Anxiety and anxiety-like disorders describe many mental disorders, yet fear is a common overwhelming symptom often leading to depression. Currently two basic strategies are discussed to treat anxiety: pharmacotherapy or psychotherapy. In the pharmacotherapeutical clinical approach, several conventional synthetic anxiolytic drugs are being used with several adverse effects. Therefore, studies to find suitable safe medicines from natural sources are being sought by researchers. The results of a plethora experimental studies demonstrated that dietary phytochemicals like alkaloids, terpenes, flavonoids, phenolic acids, lignans, cinnamates, and saponins or various plant extracts with the mixture of different phytochemicals possess anxiolytic effects in a wide range of animal models of anxiety. The involved mechanisms of anxiolytics action include interaction with γ-aminobutyric acid A receptors at benzodiazepine (BZD) and non-BZD sites with various affinity to different subunits, serotonergic 5-hydrodytryptamine receptors, noradrenergic and dopaminergic systems, glutamate receptors, and cannabinoid receptors. This review focuses on the use of both plant-derived natural compounds and plant extracts with anxiolytic effects, describing their biological effects and clinical application.

Introduction

Anxiety and related disorders are among the most common of mental disorders. The Diagnostic and Statistical Manual of Mental Disorders 5 (DSM-5) principles arranged the anxiety disorder spectrum into separate groups for the classical anxiety disorders, trauma- and stressor-related disorders, obsessive-compulsive and related disorders, and dissociative disorders. Based on DSM-5, the classical anxiety disorders also include selective mutism and separation anxiety disorder [1]. According to large population-based surveys, up to 33.7% of the population are affected by an anxiety disorder during their lifetime; it has higher prevalence than the lifetime prevalence of mood disorders and substance use disorders [2], [3], [4], [5], [6]. A broad range of mental declines are included in the definition of anxiety or anxiety-like disorders. They are commonly diagnosed using mental questionnaires and by oral interactions with patient. Instrumental tools like magnetic resonance are used to map the focal point of the disease [7]. Neither diagnosis nor therapy is easy, as the sub-conscious and conscious are involved. Understanding the pathophysiology is crucial for accurate diagnosis [8]. Generally, anxiety is a normal human emotion which arises during stress and/or discomfort. However, when left uncontrolled, anxiety can lead to debilitating overwhelming fear. Patients are mentally crippled, expressing a wide variety of symptoms including restlessness, worry, irritability, muscle tension and sleep problems.
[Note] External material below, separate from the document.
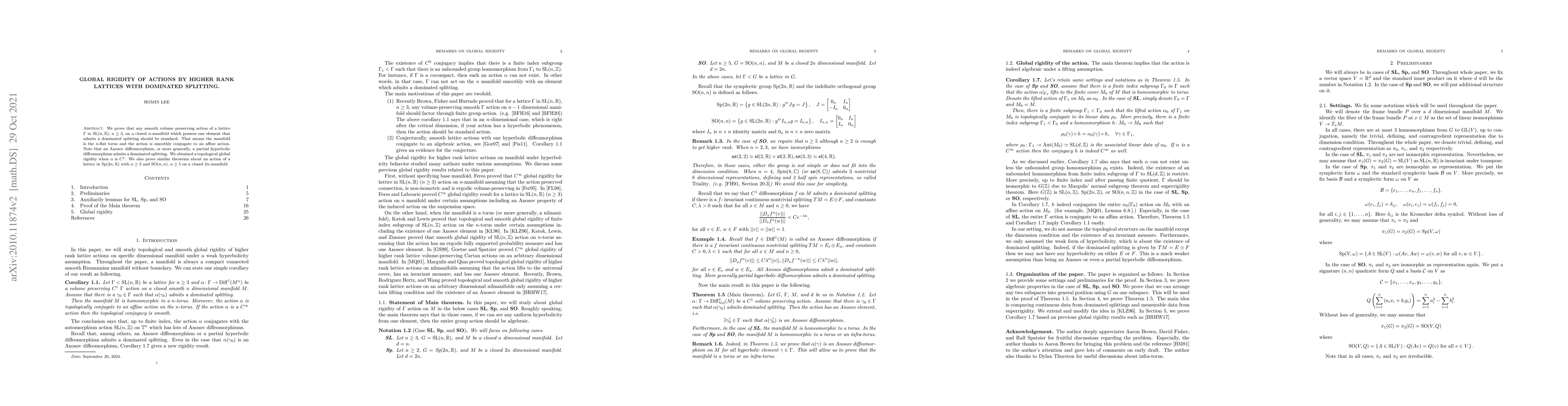 We prove that any smooth volume-preserving action of a lattice $\Gamma$ in $\textrm{SL}(n,\mathbb{R})$, $n\ge 3$, on a closed $n$-manifold which possesses one element that admits a dominated splitting should be standard. In other words, the manifold is the $n$-flat torus and the action is smoothly conjugate to an affine action. Note that an Anosov diffeomorphism, or more generally, a partial hyperbolic diffeomorphism admits a dominated splitting. We have a topological global rigidity when $\alpha$ is $C^{1}$. Similar theorems hold for an action of a lattice in $\textrm{Sp}(2n,\mathbb{R})$ with $n\ge 2$ and $\textrm{SO}(n,n)$ with $n\ge 5$ on a closed $2n$-manifold.

Many symptoms are similar to those which occur in depression and anxiety could ultimately lead to depression [9], [10]. But, compared to depression, anxiety disorders are rarely self-diagnosed while depression is often recognized by patients. Recently Coles and co-workers reported that 50% of patients recognized depression while only 20% correctly recognized anxiety [11]. The findings of Sun et al. [12] suggest that anxiety, depression, and helplessness are important correlates of obsessive-compulsive disorders in Chinese adolescents and it is evident that these different mental disorders have several common signs. More than half of patients with an anxiety disorder have multiple anxiety disorders [2], [13], and almost 30% will have three or more comorbid anxiety or related disorders [2]. Anxiety is often associated with substance use and mood disorders [2], [14]. An estimated 52% of patients with bipolar disorder [15], 60% of patients with major depressive disorder [16], and 47% of those with attention deficit hyperactivity disorder [17] will have an anxiety or related a comorbidity. The high frequency of comorbidity must be considered when diagnosing anxiety and related disorders since this can have important implications for diagnosis and treatment [18]. Anxiety disorders associated with other anxiety or depressive disorders are associated with poorer treatment outcomes and greater severity [19], [20], [21], [22], increased functional impairment [20], increased health service use [23], and higher treatment costs [24]. Patients with anxiety disorders have a higher prevalence of hypertension and other cardiovascular conditions, gastrointestinal disease, arthritis, thyroid disease, respiratory disease, migraine headaches, and allergic conditions compared to those without anxiety disorders [25]. Anxiety has a considerable economic impact on society as well, being associated with greater use of health care services [4], [26] and decreased work productivity [26], [27]. Importantly, studies report that about 40% of patients diagnosed with anxiety and related disorder remain untreated [4], [28].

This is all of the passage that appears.